A free press is vital to our Republic. That's a core principle expressed by our Constitution. How that is implemented is another matter. With the mutual love affair between Mr. Obama and the mainstream media not transferring to Mr. Trump, the question over how the press will be dealt with is a pertinent one.
Mr. Trump will not shrink in the face of attacks from the press. He actually seems to enjoy responding to them. And it's also clear that as the relationship with the press changes, so will those who have access to the president during press briefings. None if this makes big media happy.
One novel idea that has been proposed is to subject the press corp to random drug testing.
One proposal on dealing with the media that was pitched to President-elect Donald Trump’s transition team calls for drug testing the White House press corps.
Trump’s attacks on the mainstream media were a cornerstone of his campaign and last week he called BuzzFeed a “failing pile of garbage,” but forcing reporters to undergo random drug tests would provoke a media meltdown.

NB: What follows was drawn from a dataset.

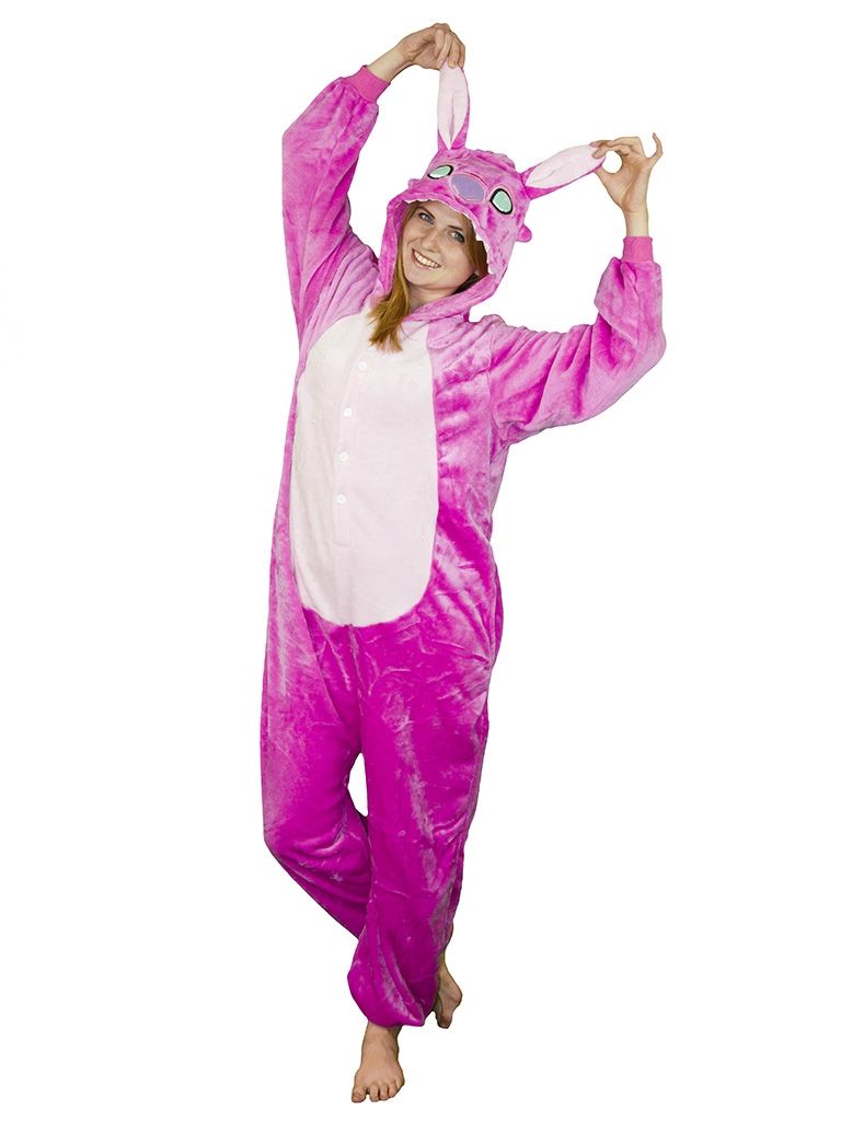Розовая пижама-кигуруми Стич украсит собой любительницу пижамных пати или просто согреет в холодную ночь. Застегивается сзади на молнию, так же спереди есть пуговицы.

No decision has been announced on that proposal yet, although a “media meltdown” would surely be one result.
Another proposal that seems more likely is to move the press corps out of the White House entirely. The symbolism of loosing their privileged position would no doubt stir the outrage and indignation of big media.

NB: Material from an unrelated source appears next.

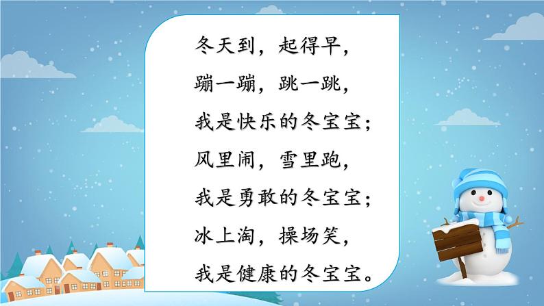 冬天到,起得早,蹦一蹦,跳一跳,我是快乐的冬宝宝;风里闹,雪里跑,我是勇敢的冬宝宝;冰上淘,操场笑,我是健康的冬宝宝。

The simmering cold, if heating up with every passing day, war between Trump and the press may be about to turn conventional, with the occasional chance of an ICBM.
Just days after calling out CNN fake news during his first press conference of 2017, Esquire reports that according to three senior officials on the transition team, the incoming Trump administration is “seriously considering” a plan to evict the press corps from the White House.
If the plan goes through, one of the officials said, the media will be removed from the cozy confines of the White House press room, where it has worked for several decades. Members of the press will be relocated to the White House Conference Center—near Lafayette Square—or to a space in the Old Executive Office Building, next door to the White House.
The other result of this would be offering much more room for other elements of the press, representatives of news organizations that are not mainstream and for which there is not enough space in the current press room.
Trump's press secretary tried to cast the possible relocation of the press corps as a matter, in part, of logistics. “There's been so much interest in covering a President Donald Trump,” he said. “A question is: Is a room that has forty-nine seats adequate? When we had that press conference the other day, we had thousands of requests, and we capped it at four hundred. Is there an opportunity to potentially allow more members of the media to be part of this? That's something we're discussing.”
Of course, should this decision be made, the major media outlets are going to accuse Trump of taking this action partly out of a personal dislike for much of the press. And in this case, they are probably right.
Other Trump staffers, however, explain that it's not business, it's personal. “They are the opposition party,” a senior official was quoted by Esquire. “I want 'em out of the building. We are taking back the press room.”
The press is stuck. They don't like Trump or his policies, but they do have to cover the man. The willingness of Mr. Trump to strike back when they attack annoys them to no end. They consider themselves the entitled elite, whose position they are not prepared to share with they consider to be lesser reporters.
In that sense, wouldn't it be great to see representatives of CNN sharing the same room with the same access to the president as members of the alternative media?